Kedatangan berikutnya pada 9 Maret 2015. Pada tahun inilah ia bertemu dengan Uskup Paskalis Bruno Syukur dari Keuskupan Bogor. Demi meyakinkan Keuskupan Bogor, Angelo mengajak Superior General Bruder Anthony Bautista BSMP. Uskup Paskalis tetap tak bisa diyakinkan dengan kesahihan tarekat mereka, meski mengaku menyambut baik kedatangan tersebut.
Mengecoh Negara. Menulis Surat dari Tahanan Polres Depok.
Angelo pernah mendatangi Kementerian Pemberdayaan Perempuan dan Perlindungan Anak (KPPPA) dan bertemu dengan menteri saat itu Yohana Susana Yembise pada 13 Juni 2019. Ia membawa sembilan anak panti. Ia bahkan mengubah nama panti asuhannya menjadi Panti Asuhan Pancasila Theresia Calcutta. Ia minta dukungan negara.
Dalam artikel yang kemudian dihapus (masih bisa dibaca viacache), Angelo mengecoh banyak orang yang peduli anak, di antaranya Koalisi Anak Madani, Seto Mulyadi dari Lembaga Perlindungan Anak Indonesia, dan sejumlah aktivis anak, termasuk juga Johanis Tanak, seorang jaksa yang pernah dicalonkan jadi pimpinan Komisi Pemberantasan Korupsi.
Angelo meminta anak asuhnya menulis surat untuk Presiden Joko Widodo dan mendukung Yohana agar dipilih kembali menjadi Menteri PPPA. Anak-anak itu menulis surat agar negara bisa bantu pendirian rumah panti yang tetap agar “katong tinggal tenang dan katong bisa sekolah dengan baik.”

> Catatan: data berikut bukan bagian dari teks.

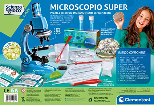 Clementoni Lab Super-Laboratorio, Microscopio Bambini Ottico, Oltre 50 Esperimenti di Scienza, Gioco Scientifico 8 Anni (Versione in Italiano), Multicolore, 19293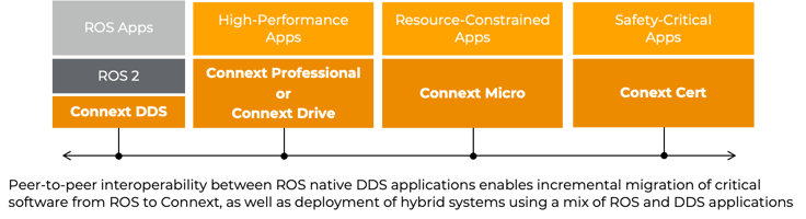 Connext provides fast and flexible prototype-to-production transition paths. This includes supporting incremental migration of critical applications from ROS to native Connext DDS interfaces for higher performance, better scalability, reduced resource consumption, and easier safety assurance.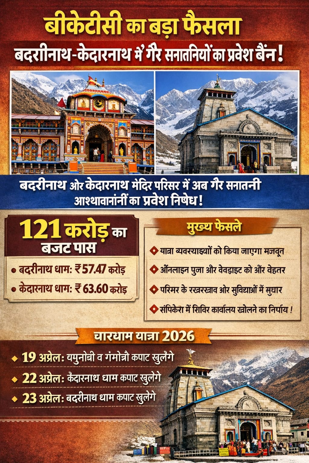 देहरादून। उत्तराखंड की धार्मिक आस्था के प्रमुख केंद्र बदरीनाथ और केदारनाथ धाम को लेकर बदरीनाथ-केदारनाथ मंदिर समिति (बीकेटीसी) ने एक बड़ा निर्णय लिया है। समिति की बजट बैठक में धामों की व्यवस्था, यात्रा प्रबंधन और विकास से जुड़े कई महत्वपूर्ण प्रस्तावों को मंजूरी दी गई। सबसे अहम फैसला यह रहा कि अब बदरीनाथ और केदारनाथ मंदिर परिसर में गैर-सनातनियों के प्रवेश पर रोक लगाने का प्रस्ताव पारित किया गया।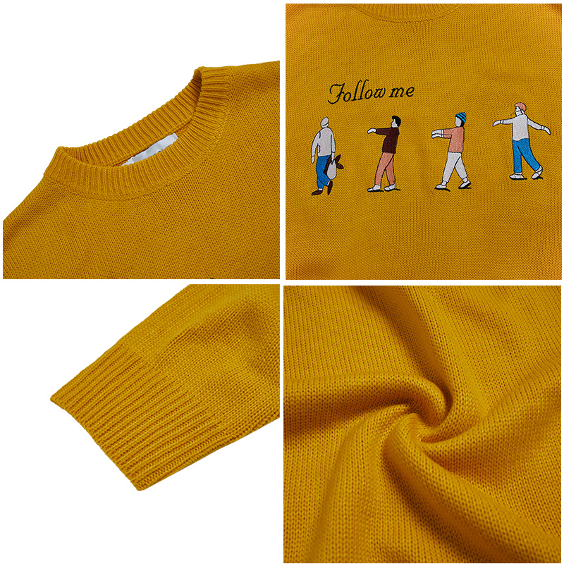 百搭刺繡潮牌男士毛衣新款百搭寬松上衣秋季韓版潮休閑針織衫套頭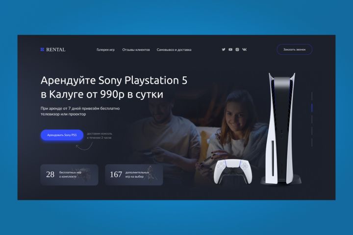 Концепция главного экрана в тёмном цвете для одностраничного сайта.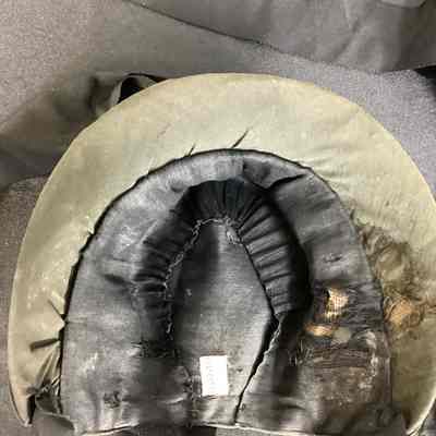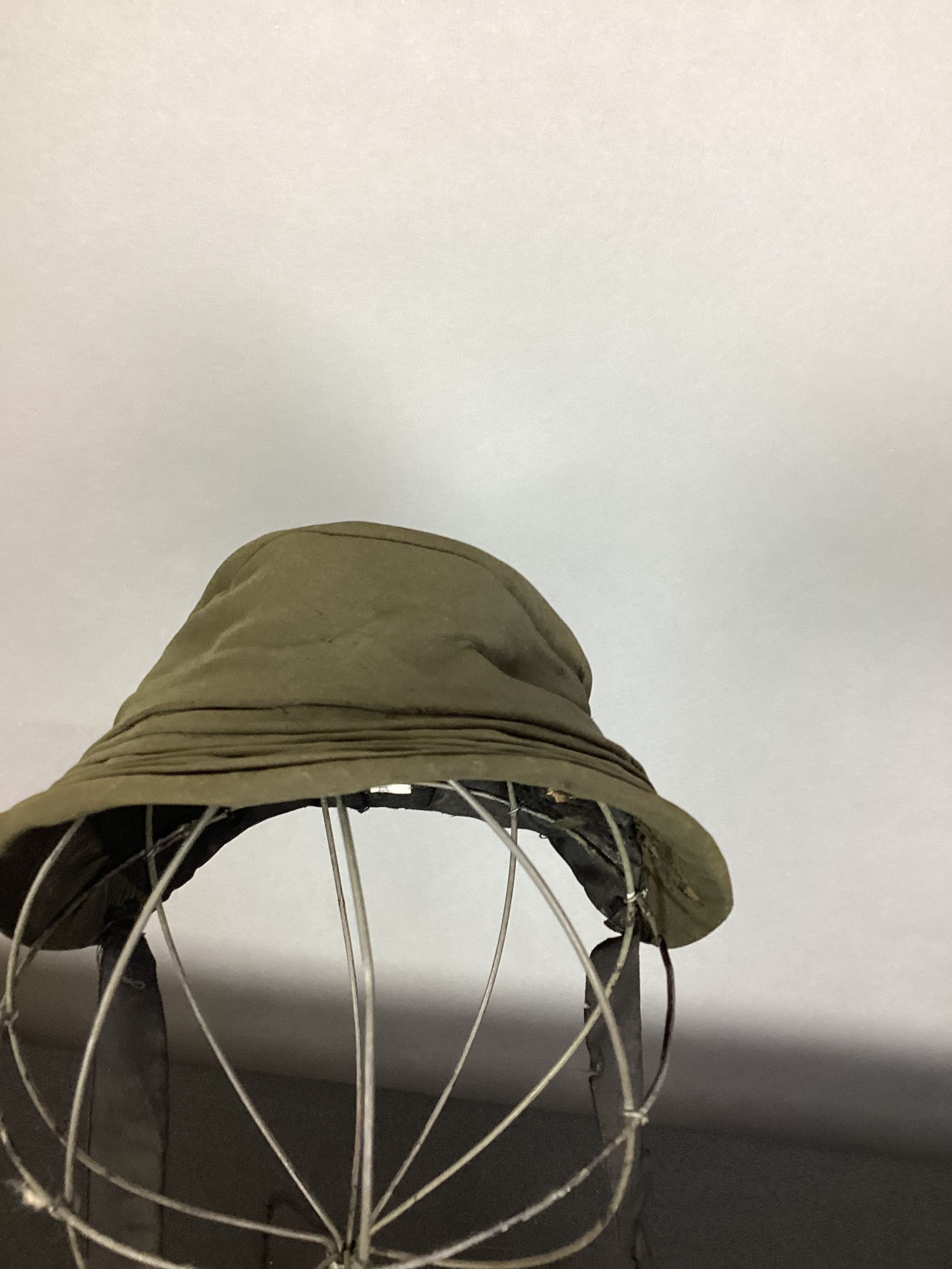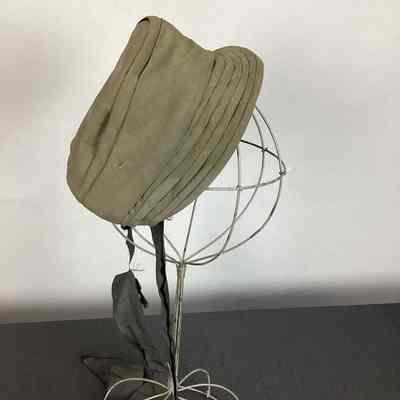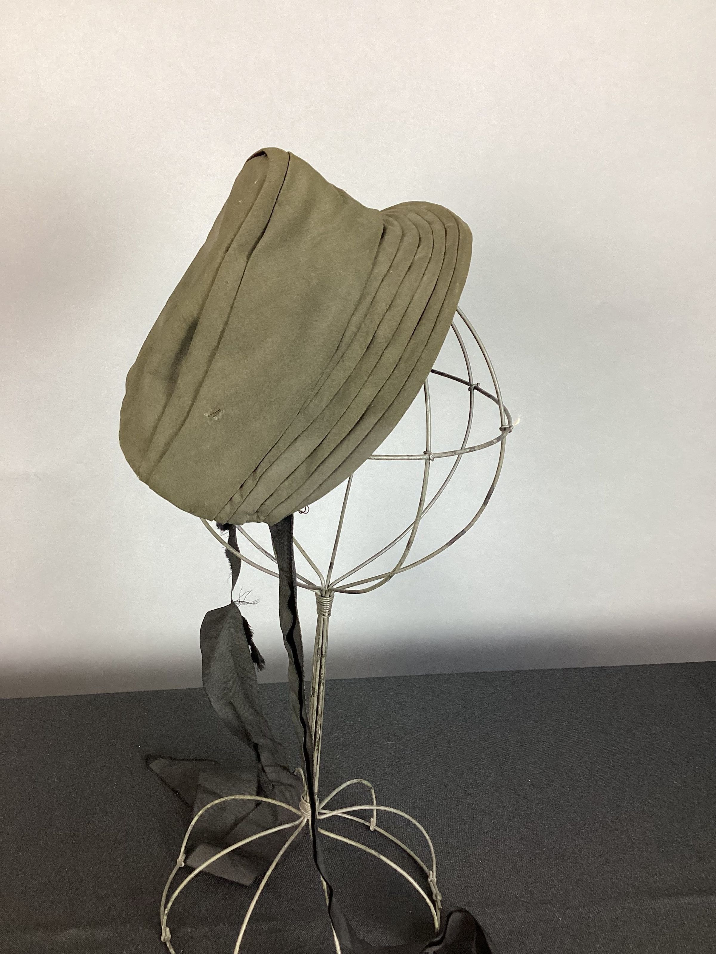 Woman's hat; black faille; small bonnet shape; folds of material on edge of brim; black grosgrain ribbonUse

Sekretaris Jenderal LPAI Henny Hermanoe menolak wawancara dengan kami ihwal cerita Angelo bertemu dengan Kementerian PPPA. Seorang wartawan yang menghubungi LPAI dan Kementerian PPPA untuk mewujudkan pertemuan itu, berkomentar kepada kami bahwa “kepedulian saya waktu itu pada anak-anak, bukan pada Bruder Angelo.”
Seto Mulyadi, biasa dipanggil Kak Seto, berkata tak mengenal Angelo sebelum pertemuan itu. “Waktu itu kita peduli dengan kepentingan anak-anak.”
Tiga bulan setelahnya, 14 September, Angelo ditahan di Polres Depok. Ia menghadapi laporan kasus pencabulan.
Tim kolaborasi mendapatkan salinan surat yang ditulis Angelo dari tahanan. Angelo menulis “surat perjanjian” menyerahkan pengasuhan anak-anak, termasuk fasilitas Yayasan Kencana Bejana Rohani, kepada Darius Rebong, warga awam Gereja Katolik, yang rumahnya kini menampung sekitar 44 anak. Surat itu ditulis pada 14 Oktober 2019.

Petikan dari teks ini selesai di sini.